North Dakota has been the biggest recipient of agricultural disaster aid other than
Texas over the past decade. North Dakota has a shorter growing season than
many regions and unpredictable rainfall.
The new program, which almost certainly will be part of the Senate's new farm
bill, would set up a permanent program for paying disaster payments.
PAY MECHANISM SOUGHT
It's based on a plan developed by Roger Johnson, the North Dakota state
agriculture commissioner, a farmer who recently became president of the
National Association of State Departments of Agriculture.
Johnson has been working for several years to get the organization to endorse a
permanent program so farmers no longer have to depend on Congress for
temporary disaster relief plans, which typically get passed in election years.
The idea was to create a disaster-assistance program "that wouldn't require
separate action by Congress every time there's a disaster," Johnson said.
"There's a disaster every year someplace."
The organization agreed to a set of principles last year, and Johnson drafted the
program with a group of experts from the crop insurance industry, North Dakota
State University and the U.S. Agriculture Department.
And now, a North Dakota senator, Democrat Kent Conrad, is seeing that the
program gets written into the farm bill, using revenue to be raised by the Senate
Finance Committee. Conrad is a senior member of both that panel and the
Senate Agriculture Committee, which oversees the farm bill.
The program isn't endorsed by USDA, even though department employees
helped with writing it. Johnson wouldn't identify them.
Charles Conner, the acting agriculture secretary, has panned the proposal,
saying it could undermine the federally subsidized crop insurance program.
"The message to the producers is, 'Don't insure, because we have set up a
mechanism to literally pay you every year for disaster losses,"' Conner said in a
conference call with reporters.
"He is dead wrong," Johnson said in response. He argues that the program will
actually encourage farmers to buy insurance.
THEN THERE'S INSURANCE
To be eligible for disaster payments, a farmer would be required to carry crop
insurance on crops where the coverage is available, and the size of the potential
disaster payments would be tied to the level of insurance coverage the farmer
buys.
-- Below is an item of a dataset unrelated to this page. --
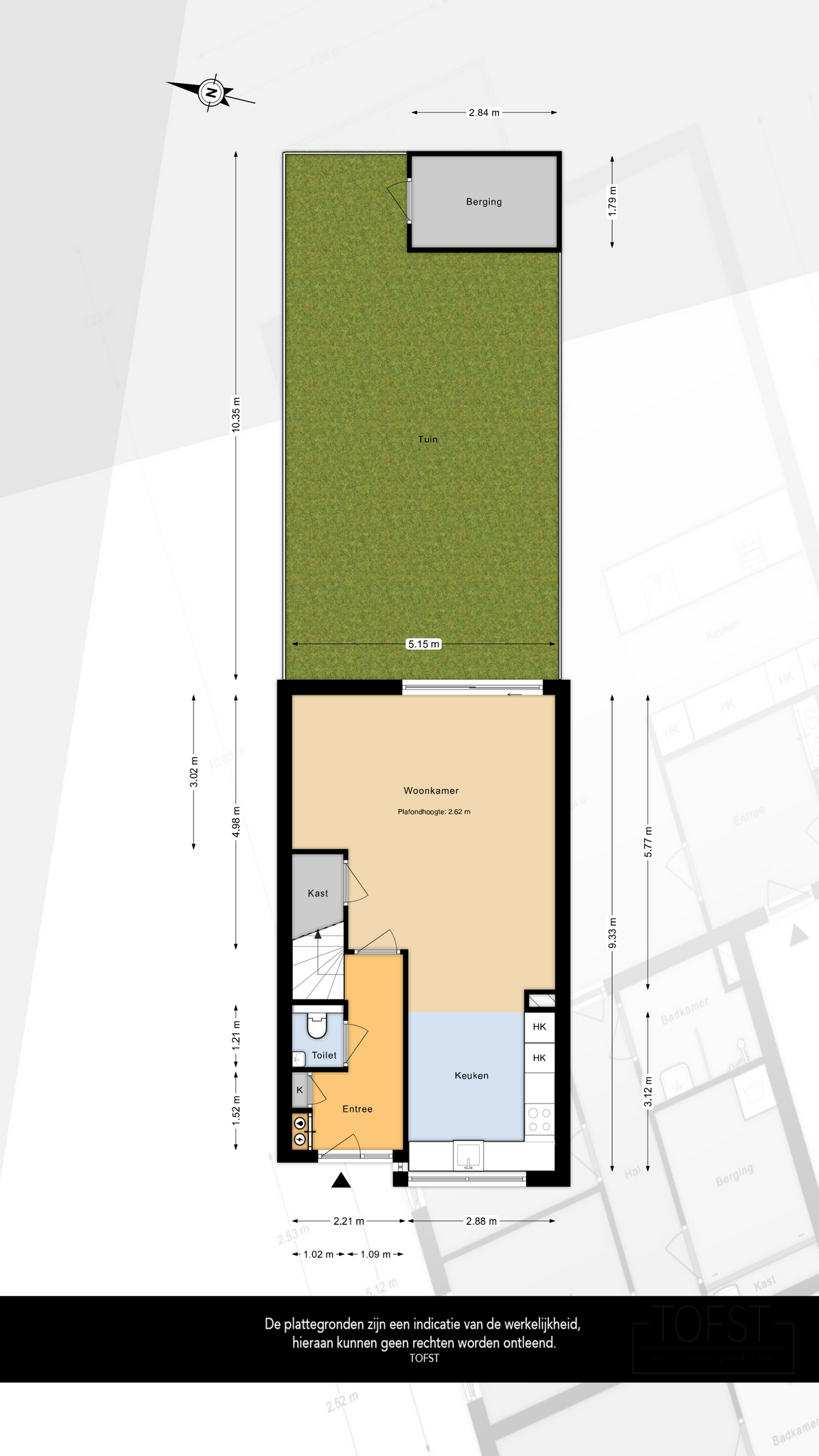 – Aantrekkelijke achtertuin van circa 55 m² met berging en achterom;

The higher the insurance coverage, the larger the disaster payment would
be.
This feature kept crop insurance companies from opposing the program and
secured the support of the Senate Finance Committee's top Republican, Sen.
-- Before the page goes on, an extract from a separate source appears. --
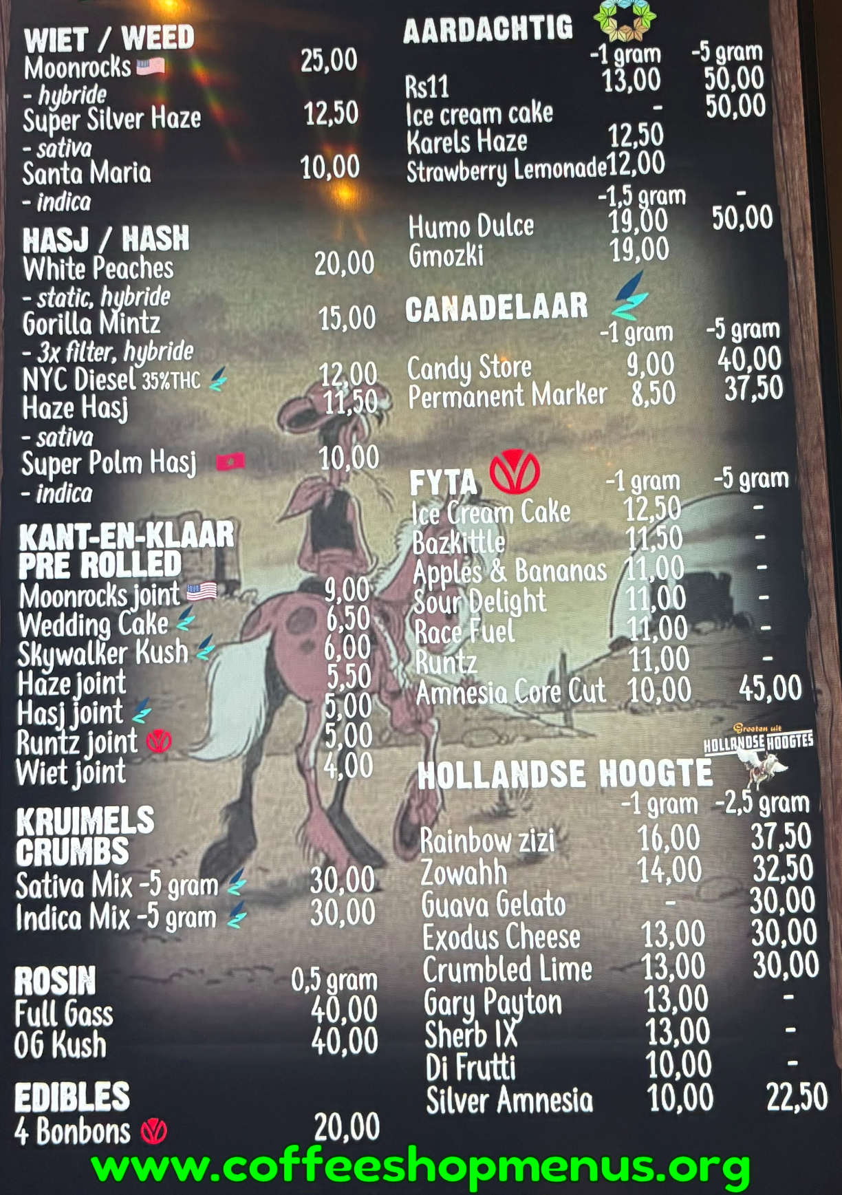 Complete archive of all Lucky Luke menus

Charles Grassley, R-Iowa. Iowa is home to several insurance companies.
Another key feature of the program is that disaster payments would no longer be
tied to losses of an individual crop but instead to drops in a farm's total projected
revenue, which would figure in commodity prices as well as production. So, if a
farm suffers a loss in one crop, say corn, but the soybeans did OK, the grower
may not qualify for a disaster payment. The farm is even less likely to qualify if it
has income from hogs or other livestock.
WEIGHING TOTAL COSTS
Pegging disaster payments to whole farm revenue could be especially beneficial
to states like, you guessed it, North Dakota, the nation's No. 2 wheat producer.
When wheat yields are down, other crops are probably poor, too, said Chad
Hart, an economist at Iowa State University.
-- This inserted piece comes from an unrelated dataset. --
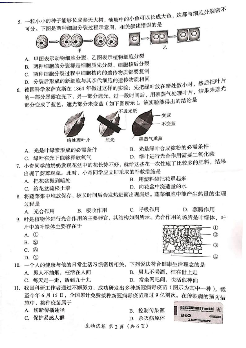 【文档预览】 无忧考网整理发布2021年四川成都中考生物真题(图片版),前五页预览如下:
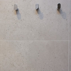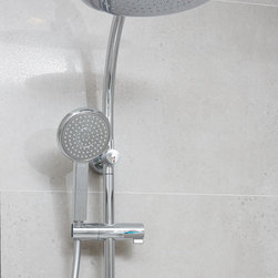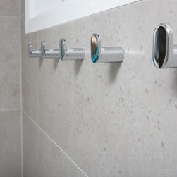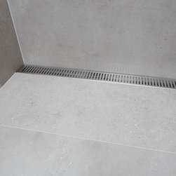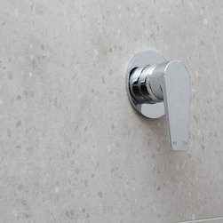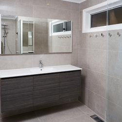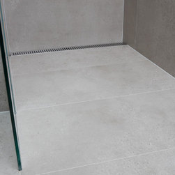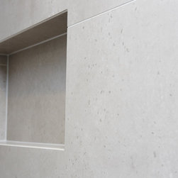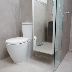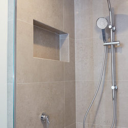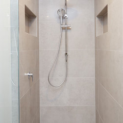 Italian Tortonia Gris 450mm x 900mm wall and floor tiles certainly make the room look very smart. Two recessed niches keep lotions and shampoos on hand in the fully tiled, walk-in shower.

Johnson said the whole-farm approach will be better targeted to help farmers
who really need assistance.
But that doesn't mean there won't be pleas in the future for disaster relief.
The Senate Finance Committee is looking at spending $1 billion on Johnson's
program, about one-third of what the government paid out in disaster assistance
in 2003 and 2005.
Conner said $1 billion a year "at best would be a small down payment."
Maybe so, but North Dakota at least is prepared to take it.